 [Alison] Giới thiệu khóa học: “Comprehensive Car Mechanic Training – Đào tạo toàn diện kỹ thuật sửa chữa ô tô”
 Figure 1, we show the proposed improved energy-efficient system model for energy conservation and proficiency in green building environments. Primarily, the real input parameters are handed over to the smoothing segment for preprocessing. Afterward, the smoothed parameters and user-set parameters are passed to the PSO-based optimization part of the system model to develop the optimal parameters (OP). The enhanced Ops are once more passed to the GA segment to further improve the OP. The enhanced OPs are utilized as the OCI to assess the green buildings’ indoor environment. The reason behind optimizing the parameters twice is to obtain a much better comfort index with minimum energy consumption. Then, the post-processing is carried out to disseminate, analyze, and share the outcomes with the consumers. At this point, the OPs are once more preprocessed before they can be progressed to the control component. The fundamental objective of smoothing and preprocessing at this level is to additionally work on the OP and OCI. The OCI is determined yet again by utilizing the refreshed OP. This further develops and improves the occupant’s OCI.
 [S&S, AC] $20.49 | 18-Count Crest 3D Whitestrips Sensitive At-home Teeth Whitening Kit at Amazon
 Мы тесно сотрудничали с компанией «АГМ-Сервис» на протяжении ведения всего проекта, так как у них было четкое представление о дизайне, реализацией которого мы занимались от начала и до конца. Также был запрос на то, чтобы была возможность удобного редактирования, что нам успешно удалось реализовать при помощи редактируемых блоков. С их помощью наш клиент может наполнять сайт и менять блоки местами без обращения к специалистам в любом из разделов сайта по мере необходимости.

----

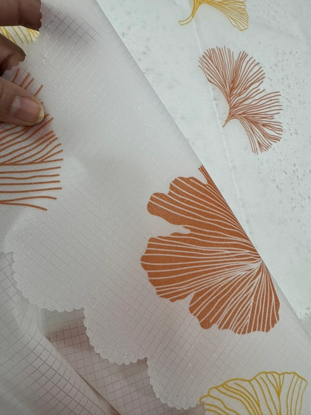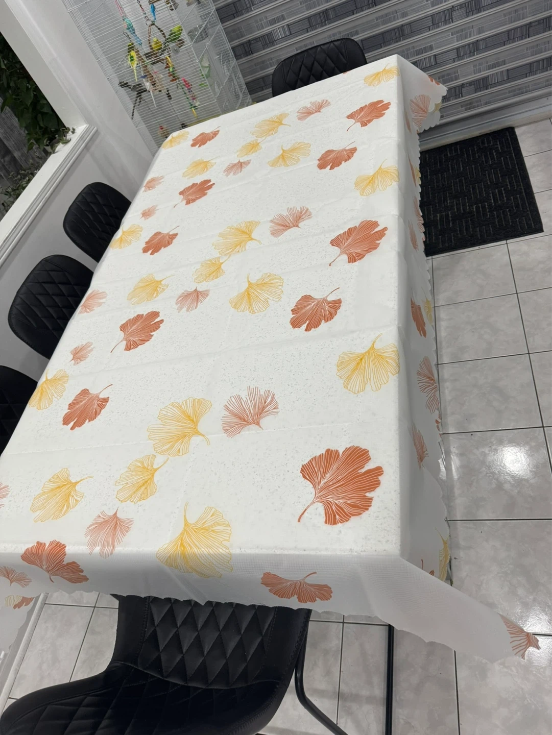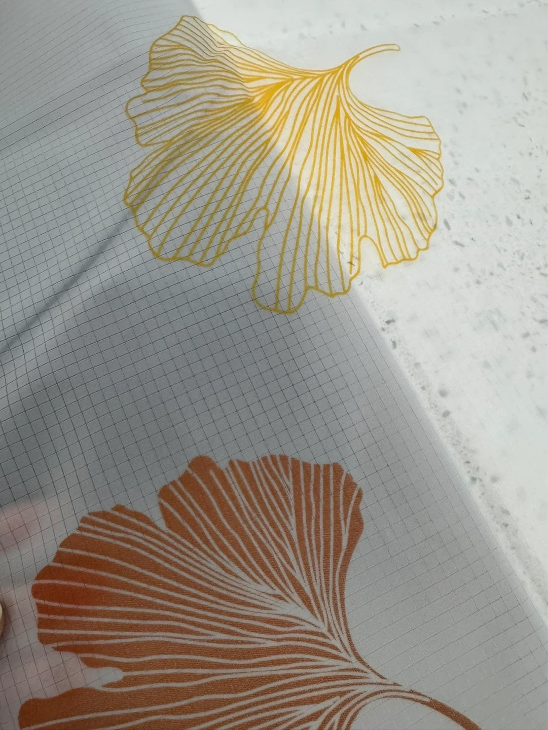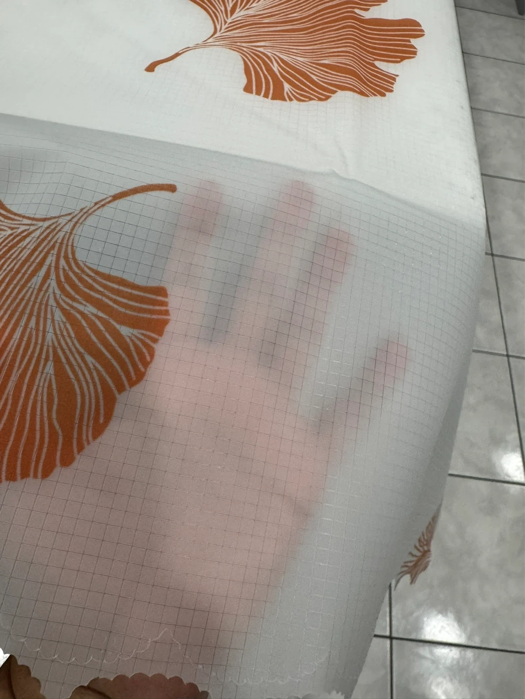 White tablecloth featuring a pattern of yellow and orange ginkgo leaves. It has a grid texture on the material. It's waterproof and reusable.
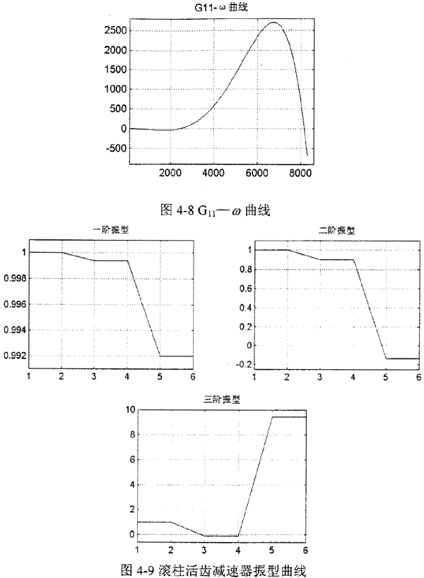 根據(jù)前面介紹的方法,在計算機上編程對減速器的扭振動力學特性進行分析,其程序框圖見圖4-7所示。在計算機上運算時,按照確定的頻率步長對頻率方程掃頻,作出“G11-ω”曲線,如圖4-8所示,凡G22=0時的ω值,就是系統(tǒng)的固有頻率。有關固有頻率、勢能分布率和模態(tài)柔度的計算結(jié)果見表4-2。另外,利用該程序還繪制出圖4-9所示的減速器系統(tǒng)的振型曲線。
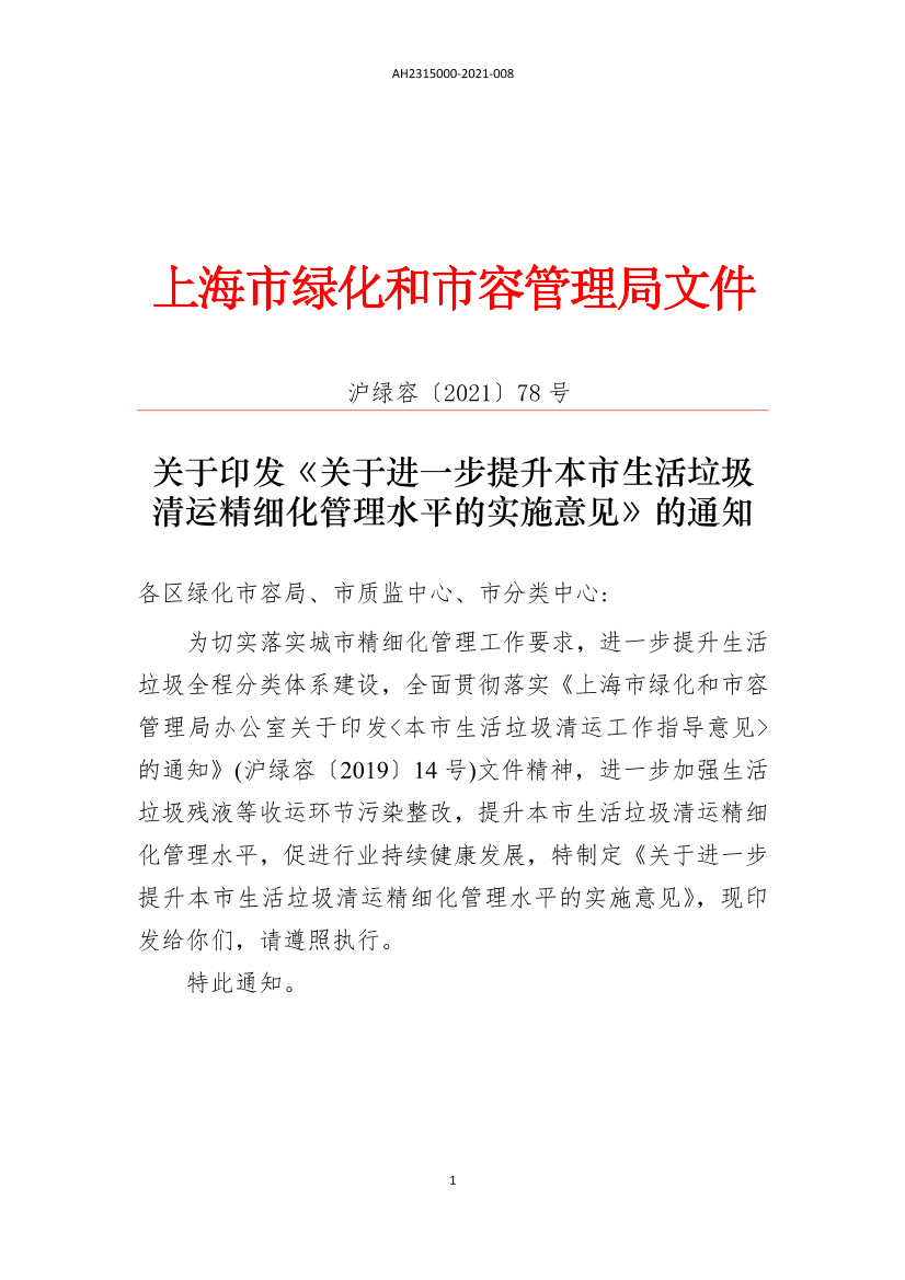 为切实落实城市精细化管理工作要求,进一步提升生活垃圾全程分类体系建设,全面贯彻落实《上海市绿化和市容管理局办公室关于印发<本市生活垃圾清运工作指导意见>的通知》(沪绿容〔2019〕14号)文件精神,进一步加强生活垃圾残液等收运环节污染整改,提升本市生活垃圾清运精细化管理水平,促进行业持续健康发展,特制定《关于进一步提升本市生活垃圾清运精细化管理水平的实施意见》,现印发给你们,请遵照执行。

----

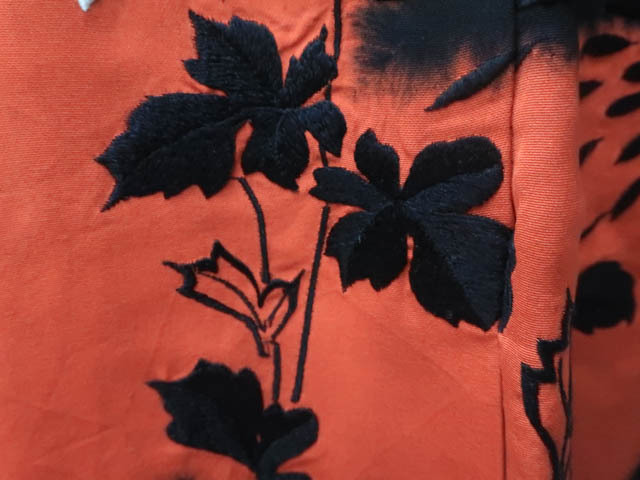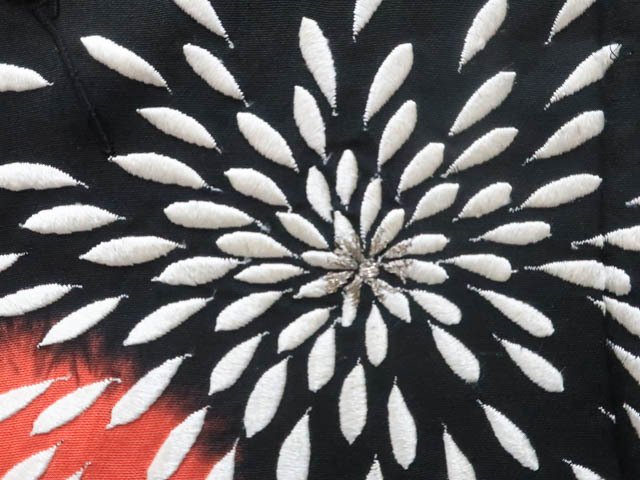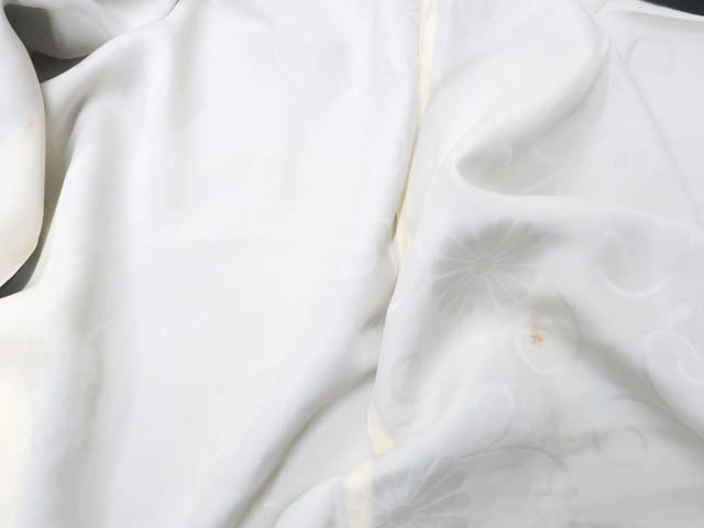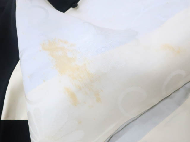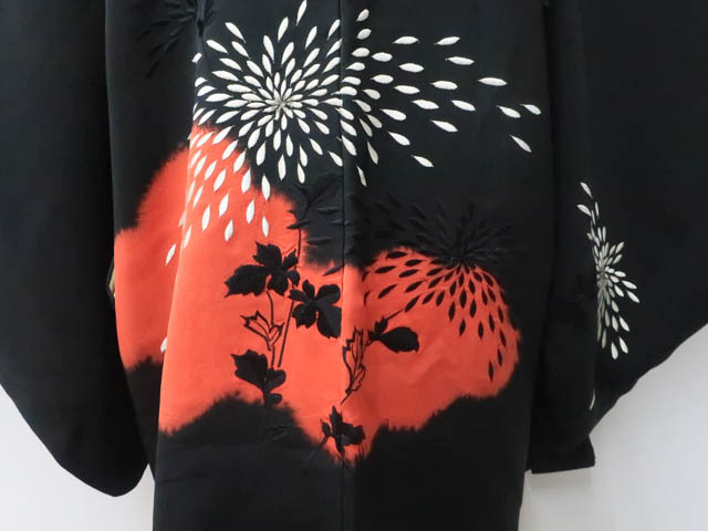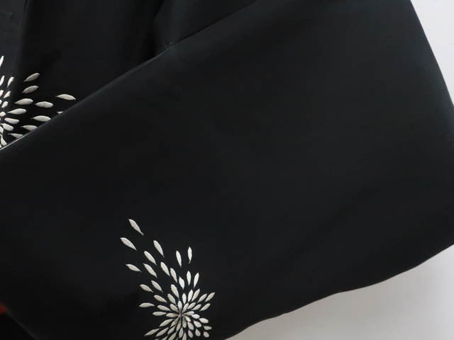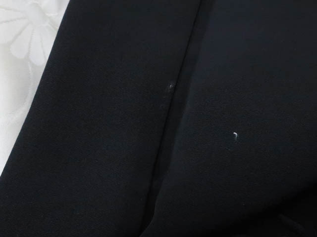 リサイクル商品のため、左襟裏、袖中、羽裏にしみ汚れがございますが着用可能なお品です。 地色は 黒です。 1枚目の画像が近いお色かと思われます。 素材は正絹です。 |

----

[WORK REQUIRED] Look above for the line with "White tablecloth featuring" and the line with "为切实落实城市精细化管理工作", then restate exactly those two lines and all lines between them, with no pictures.

[SOLUTION TO THIS PROBLEM]
 White tablecloth featuring a pattern of yellow and orange ginkgo leaves. It has a grid texture on the material. It's waterproof and reusable.
 根據(jù)前面介紹的方法,在計算機上編程對減速器的扭振動力學特性進行分析,其程序框圖見圖4-7所示。在計算機上運算時,按照確定的頻率步長對頻率方程掃頻,作出“G11-ω”曲線,如圖4-8所示,凡G22=0時的ω值,就是系統(tǒng)的固有頻率。有關固有頻率、勢能分布率和模態(tài)柔度的計算結(jié)果見表4-2。另外,利用該程序還繪制出圖4-9所示的減速器系統(tǒng)的振型曲線。
 为切实落实城市精细化管理工作要求,进一步提升生活垃圾全程分类体系建设,全面贯彻落实《上海市绿化和市容管理局办公室关于印发<本市生活垃圾清运工作指导意见>的通知》(沪绿容〔2019〕14号)文件精神,进一步加强生活垃圾残液等收运环节污染整改,提升本市生活垃圾清运精细化管理水平,促进行业持续健康发展,特制定《关于进一步提升本市生活垃圾清运精细化管理水平的实施意见》,现印发给你们,请遵照执行。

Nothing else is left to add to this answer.